• Prompt
Your answer should hold the data exactly as given, minus any picture.

═════ Raw data

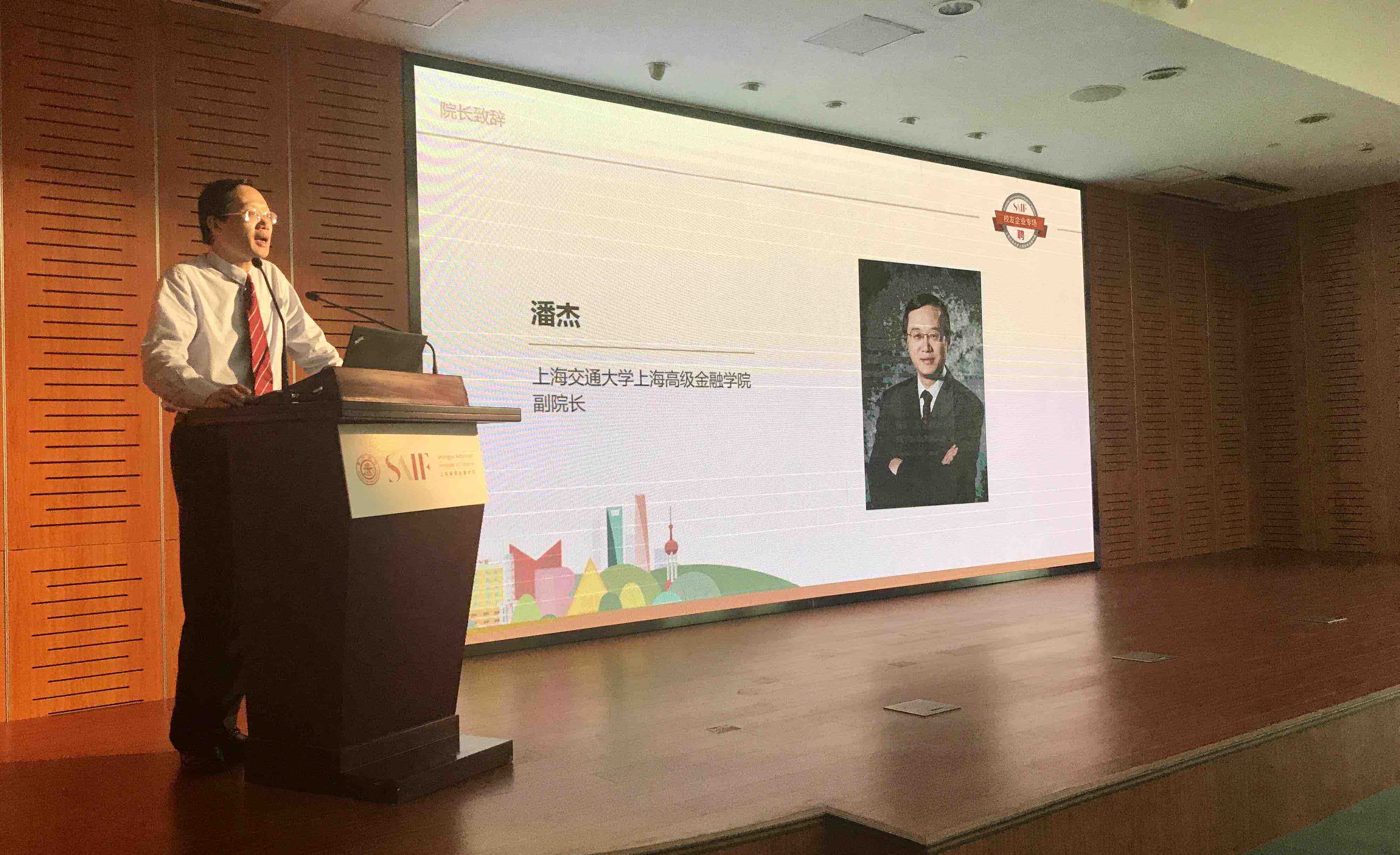 上海高级金融学院副院长潘杰在活动开场进行了简短的致辞,向在座的所有校友企业及校友们阐述了此次活动的意义。
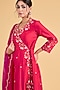 Featuring a strawberry red anarkali in spun silk base. It is paired with pants and a dupatta. Accentuate with kundan stud earrings, a potli bag and heels for a festive occasion, pooja or sangeet ceremonies.
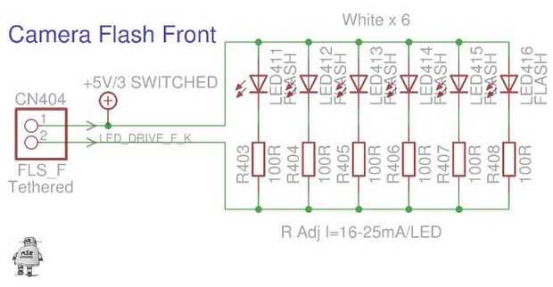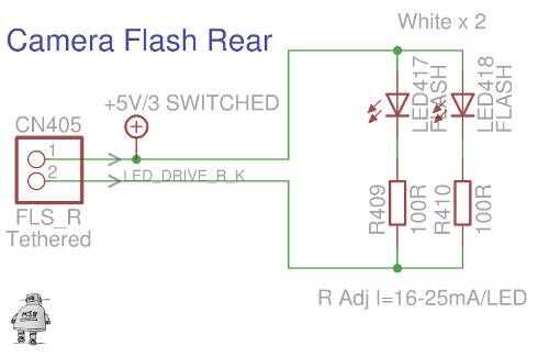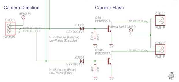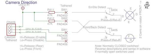 Dos GPIOs se utilizan para conducir la parte delantera y trasera destellos y luces para el hilandero/módulo de cámara. El mismo GPIOs se utilizan como entradas para detectar dos microinterruptores para la detección de la dirección de la cámara. (Frontal, trasera, lateral, apagado)

══════════

• Answer section
 上海高级金融学院副院长潘杰在活动开场进行了简短的致辞,向在座的所有校友企业及校友们阐述了此次活动的意义。
 Featuring a strawberry red anarkali in spun silk base. It is paired with pants and a dupatta. Accentuate with kundan stud earrings, a potli bag and heels for a festive occasion, pooja or sangeet ceremonies.
 Dos GPIOs se utilizan para conducir la parte delantera y trasera destellos y luces para el hilandero/módulo de cámara. El mismo GPIOs se utilizan como entradas para detectar dos microinterruptores para la detección de la dirección de la cámara. (Frontal, trasera, lateral, apagado)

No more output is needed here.